# EXERCISE DIRECTIONS:
The material below has pictures in it. Set down only the lines from the line containing "Z víťazstva po" through the line containing "玄関から中に入り、受付のおば", word for word, and leave the pictures behind.

# GIVEN ENTRIES:
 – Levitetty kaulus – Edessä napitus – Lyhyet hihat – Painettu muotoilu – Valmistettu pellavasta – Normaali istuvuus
* * *
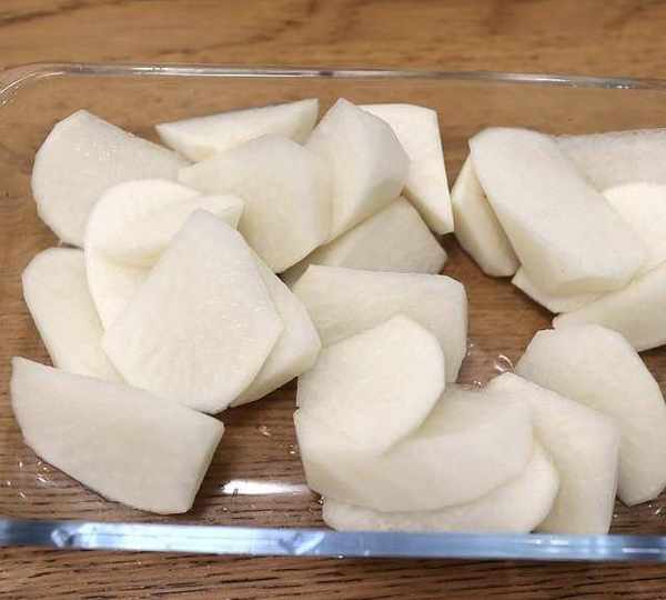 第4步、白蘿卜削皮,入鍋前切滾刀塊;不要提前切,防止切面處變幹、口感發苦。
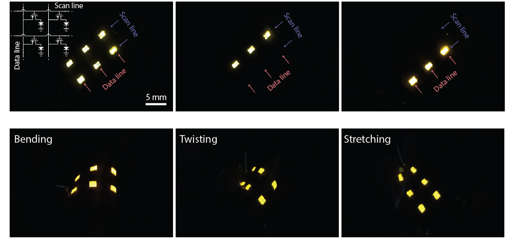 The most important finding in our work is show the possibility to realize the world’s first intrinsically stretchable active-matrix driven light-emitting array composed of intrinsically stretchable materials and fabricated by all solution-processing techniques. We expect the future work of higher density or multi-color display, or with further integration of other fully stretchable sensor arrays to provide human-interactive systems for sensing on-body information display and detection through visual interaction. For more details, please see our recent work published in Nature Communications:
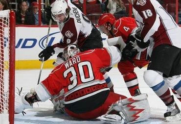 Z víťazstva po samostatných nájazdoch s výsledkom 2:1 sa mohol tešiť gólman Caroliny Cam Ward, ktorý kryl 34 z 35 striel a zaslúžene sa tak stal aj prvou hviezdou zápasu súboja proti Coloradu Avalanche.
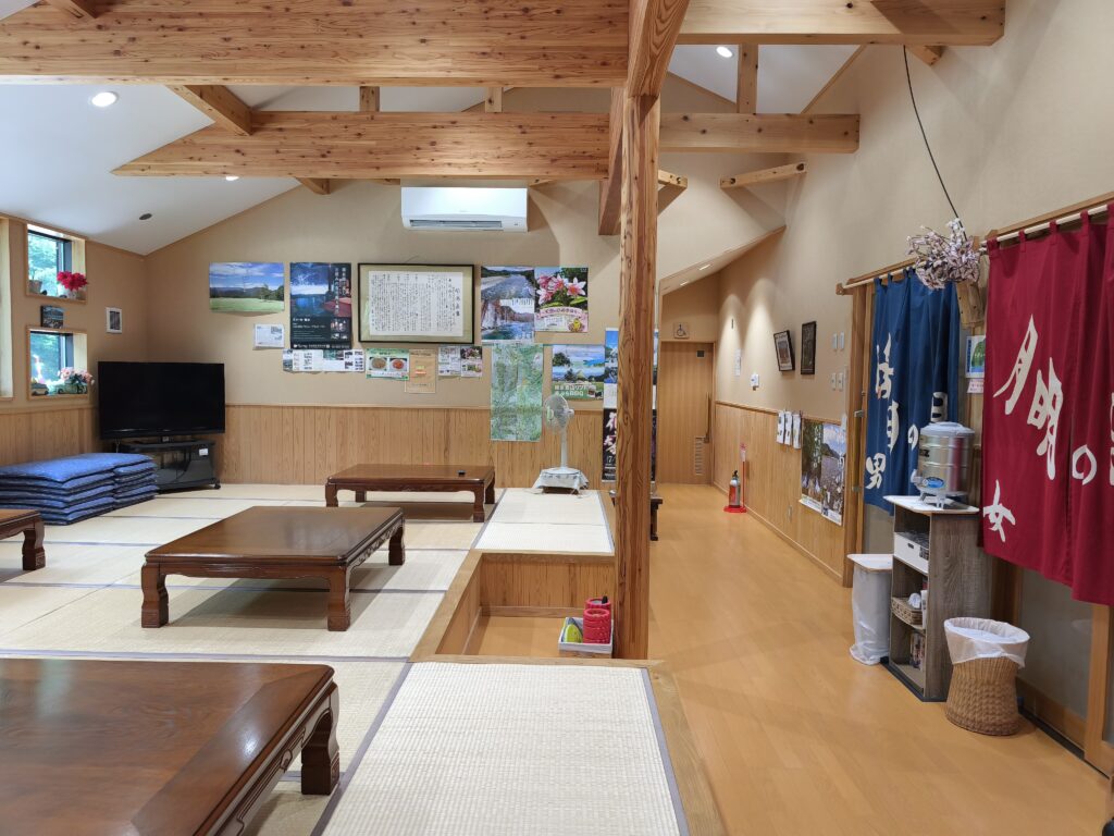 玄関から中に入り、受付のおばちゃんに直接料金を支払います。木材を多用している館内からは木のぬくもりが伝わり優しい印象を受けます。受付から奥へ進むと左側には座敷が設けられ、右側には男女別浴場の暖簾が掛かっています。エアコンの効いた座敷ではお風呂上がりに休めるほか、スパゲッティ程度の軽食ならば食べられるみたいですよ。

# SOLUTION:
 Z víťazstva po samostatných nájazdoch s výsledkom 2:1 sa mohol tešiť gólman Caroliny Cam Ward, ktorý kryl 34 z 35 striel a zaslúžene sa tak stal aj prvou hviezdou zápasu súboja proti Coloradu Avalanche.
 玄関から中に入り、受付のおばちゃんに直接料金を支払います。木材を多用している館内からは木のぬくもりが伝わり優しい印象を受けます。受付から奥へ進むと左側には座敷が設けられ、右側には男女別浴場の暖簾が掛かっています。エアコンの効いた座敷ではお風呂上がりに休めるほか、スパゲッティ程度の軽食ならば食べられるみたいですよ。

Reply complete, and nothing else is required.